Suppose $\Omega$ is a bounded domain in $\mathbb{R}^n$. Consider the Dirichlet boundary value problem for poisson equation $$ \left\{\!\! \begin{aligned} &-\Delta u(x)=f(x),x\in\Omega\\ &u|_{\partial\Omega}=0 \end{aligned} \right. $$ given $f\in C(\bar\Omega)$. A classical solution is $u\in C^2(\Omega)\cap C(\bar \Omega)$ satisfying the above equation pointwise. A weak solution is $u\in H_0^1(\Omega)$ such that $$\int_\Omega \nabla u\cdot\nabla v=\int_\Omega fv\quad \text{for all } v\in H_0^1(\Omega).$$ To show a classical solution is also a weak solution, one has to show if $u\in C^2(\Omega)\cap C(\bar \Omega)$ is a classical solution, then $u\in H_0^1(\Omega)$ and $u$ satisfies the identity in the definition of a weak solution. I can show the identity, and I can show if $u\in H^1(\Omega)$ then $u\in H_0^1(\Omega)$ by trace theorem. The question is how to prove $u\in H^1(\Omega)$?

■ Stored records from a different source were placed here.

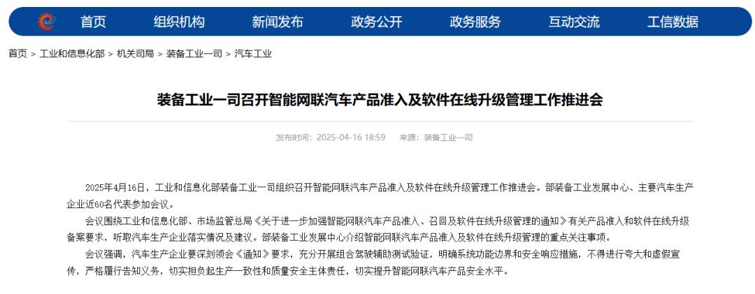 工信部装备工业一司组织召开智能网联汽车产品准入及软件在线升级管理工作推进会,强调汽车生产企业要充分开展组合驾驶辅助测试验证,明确系统功能边界和安全响应措施,不得进行夸大和虚假宣传,严格履行告知义务。企业应当规范营销宣传行为,向消费者提供真实、全面的信息,确保消费者正确理解和使用智能网联汽车产品。同时,驾驶人也应提高自身的交通安全意识,正确理解和使用智能网联汽车产品,确保行车安全。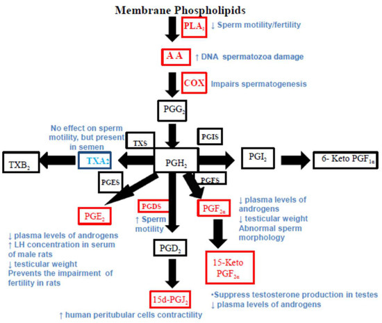 In a Swedish study, it was revealed that 19-hydroxy PGF and 19-hydroxy PGE have a significant role in sperm motility, potentially through the ATP content in spermatozoa [57]. 15-deoxy-Δ12-14-PGJ2, a product of COX/PGD synthase, could be involved in human sub-/infertility by affecting the human peritubular cells contractility and phenotype potentially through ROS [58].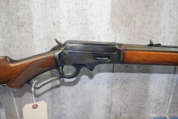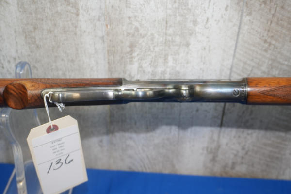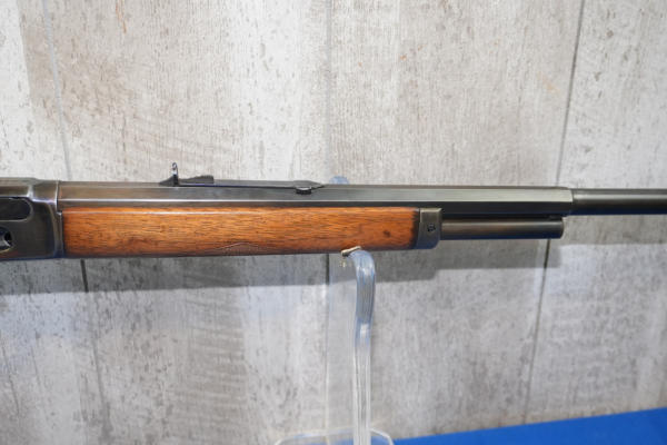 26" Oct. to Rnd. BBL; half length receiver tube; checkered wood stock; plastic butt plate; smooth action; decent bluing; overall great looking gun!; USA; SN#437097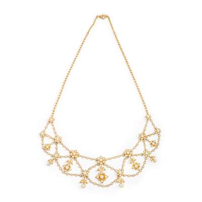 Designed as a floral swag, set throughout with graduated seed and bouton pearls, unmarked; in a fitted box for Hall Co … Manchester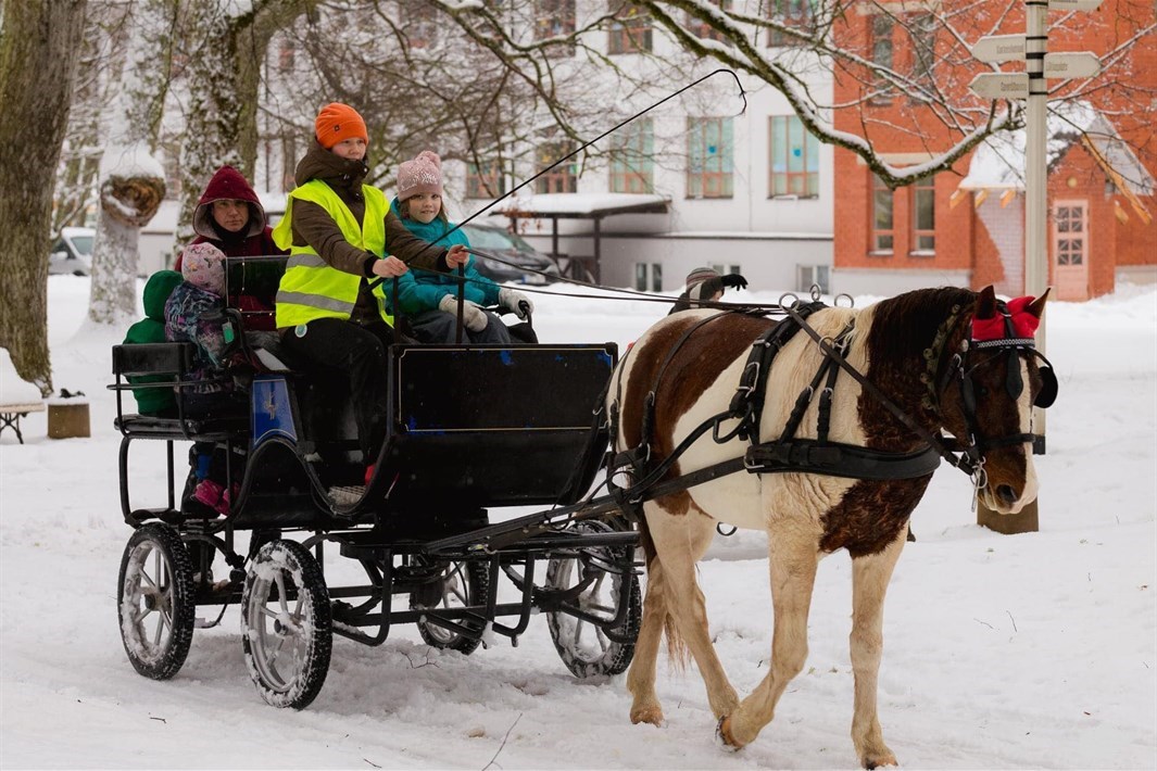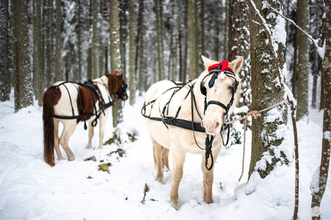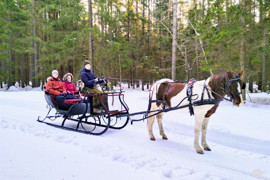 Zvaniņu skaņām šķindot, Jūs varēsiet baudīt braucienu ērtos ratos vai kamanās, kurās būs iejūgts skaists, balts igauņu zirgs ar zilām acīm. Brauciena laikā Jums būs iespēja nogaršot vietējo zāļu tēju. Ja vēlēsieties, varēsiet piestāt un iekurt nelielu ugunskuru kādā no tam paredzētajām vietām.

Edit: The original question was how to show $C^2(\Omega)\cap C(\bar \Omega)\subset H^1(\Omega)$, which may not be true. The above question is the one I really want to ask.
Let $u$ be a classical solution to the Dirichlet problem. To prove that $u \in H^{1}_{0}(\Omega)$, we proceed as follows:
Obviously $u \in L^2(\Omega)$ since $u$ is continuous on the compact set $\bar \Omega$ and hence bounded. The weak derivative is simply the ordinary derivative, what remains to show is that it is in $L^2(\Omega)$.
This follows from the fact that $\Delta u = f$ is also in $C(\bar \Omega)$ by definition of your classical solution and is hence bounded. And if both $u$ and $\Delta u$ are bounded, then so is $\nabla u$.
Now we use that $Tu = 0$ for continuous functions that vanish on the boundary, by definition of the trace operator $T$. A subtle but important theorem asserts that, for any $u \in H^1(\Omega)$, we have $Tu=0$ if and only if $u \in H^{1}_0(\Omega)$.
Finally, integration by parts shows that $\Delta u = f$ weakly.